Myasthenia gravis (MG) is an autoimmune neuromuscular disorder with a chronic clinical course that requires long-term glucocorticoid (GC) therapy. A drug efflux pump, P-glycoprotein (P-gp), actively transports GC out of target cells, thereby reducing its efficacy. We evaluated the P-gp function of peripheral-blood mononuclear cells in 59 MG patients. P-gp function was estimated from a decrease in fluorescent P-gp substrate Rhodamine 123 and its inhibition by the conformation-sensitive UIC2 monoclonal antibody. P-gp function on CD8(+) T cells in 21 MG patients having experienced GC therapy was higher than that in 19 MG patients having no history of GC therapy (p=0.026). There was a significant correlation between P-gp function in CD3(+) (r=0.55, p=0.014) or CD4(+) (r=0.48, p=0.034) T cells and the total dose of prednisolone for treatment. P-gp function on CD4(+) T cells in MG patients who showed low responses to prednisolone therapy (n=8) was higher than that in patients who showed relatively high responses to prednisolone therapy (n=10) (p=0.045). These results suggest that higher P-glycoprotein activity on CD3(+) or CD4(+) cells necessitated treatment with higher steroid doses in order to achieve a clinical response. The measurement of P-gp function on CD4(+) T cells is useful in the assessment of clinical response to GC therapy.

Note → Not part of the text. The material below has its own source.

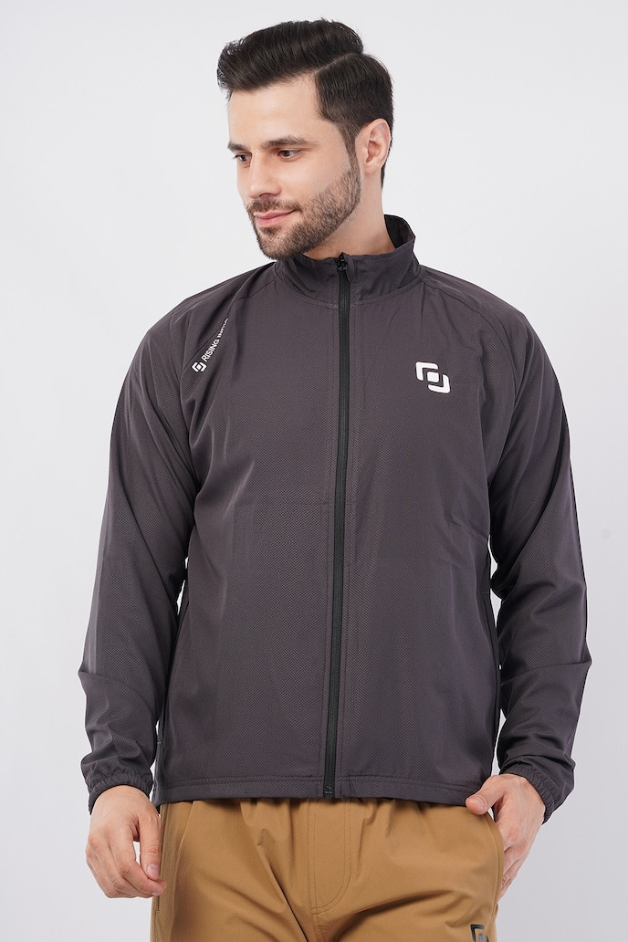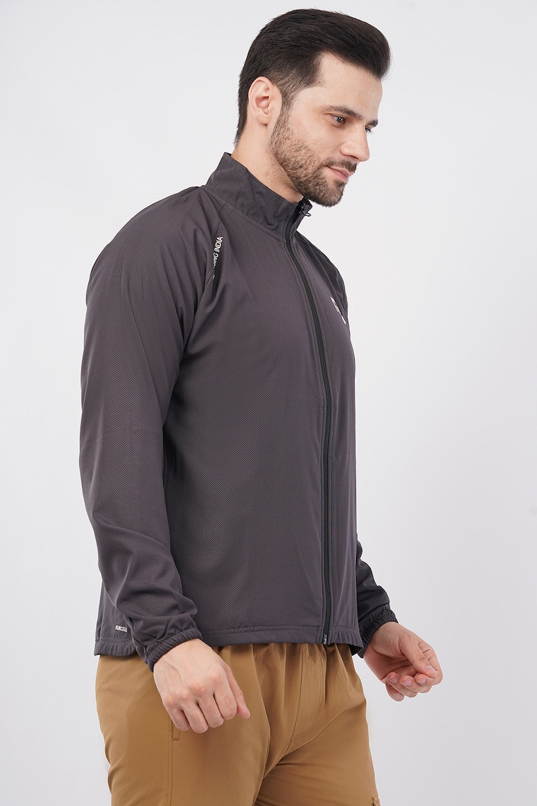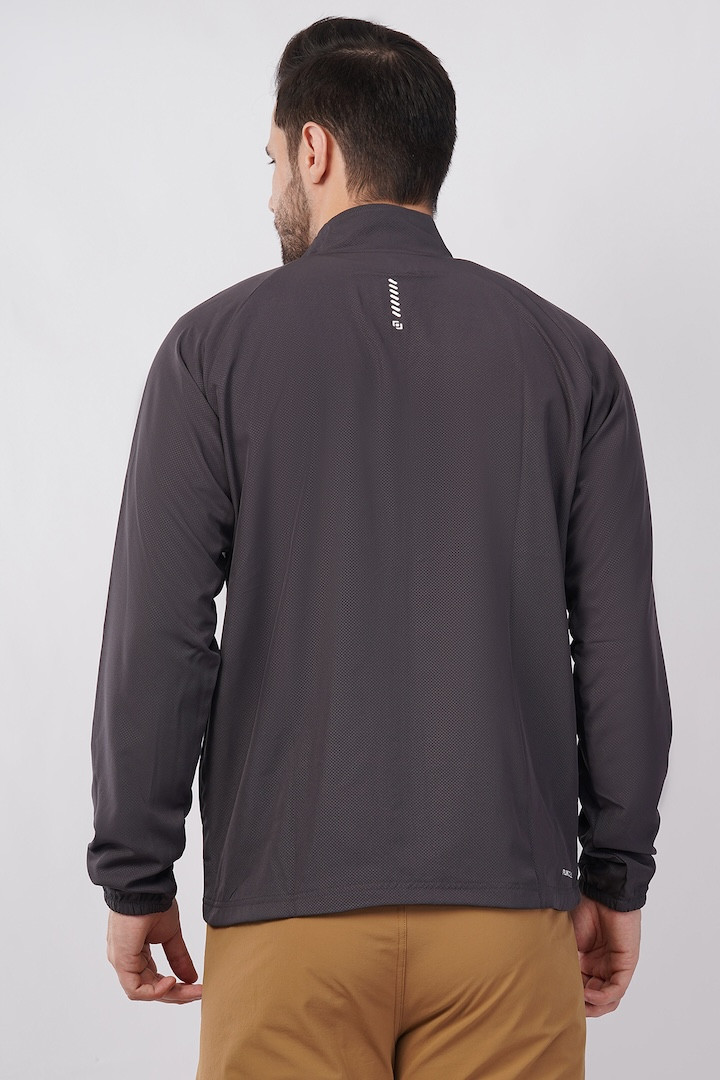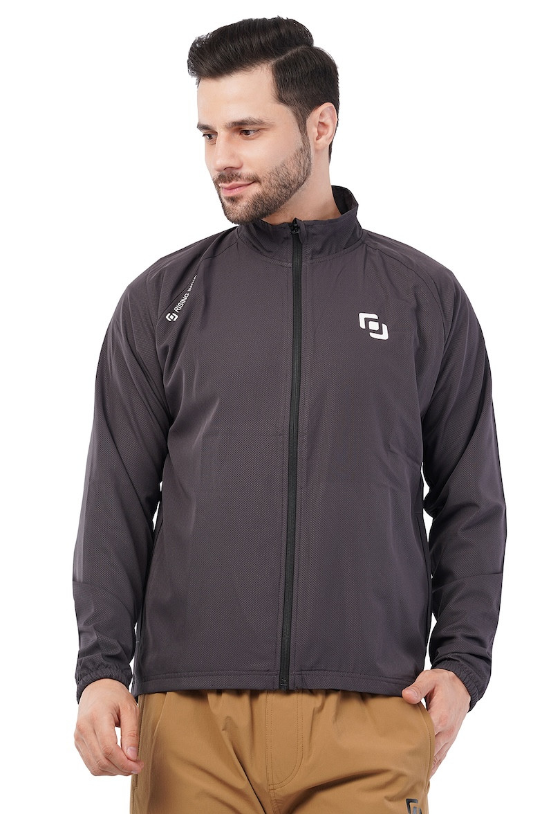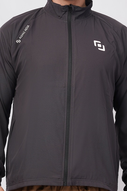 Sports Fit Men's Wear Full Sleeve Dot Print Zip Closer Jacket | Gym Workout, Running, Hiking, Travelling & Casual Wear | Dark Grey

机译:Myasthenia Gravis(Mg)是一种自身免疫性神经肌病,具有慢性临床疗程,需要长期糖皮质激素(GC)治疗。药物流出泵,P-糖蛋白(P-GP),主动地将GC输送出靶细胞,从而降低其功效。我们评估了59毫克患者外周血单核细胞的P-GP功能。从荧光P-GP底物罗丹明123的减少估计p-GP功能及其通过构象敏感UIC2单克隆抗体的抑制。 CD8(+)T细胞的P-GP功能在21毫克患者中经历过GC疗法的患者高于GC治疗史的19毫克患者(P = 0.026)。在CD3(+)(r = 0.55,p = 0.014)或CD4(+)(r = 0.48,p = 0.034)T细胞和治疗的总剂量之间存在显着相关性。对泼尼松龙治疗的低响应的MG患者的CD4(+)T细胞上的P-GP功能高于对泼尼松酮治疗(n = 10)的患者患者(p = 0.045) 。这些结果表明,在CD3(+)或CD4(+)细胞上的较高的p-糖蛋白活性需要用更高的类固醇剂量治疗,以达到临床反应。在CD4(+)T细胞上的P-GP功能的测量可用于评估对GC疗法的临床反应。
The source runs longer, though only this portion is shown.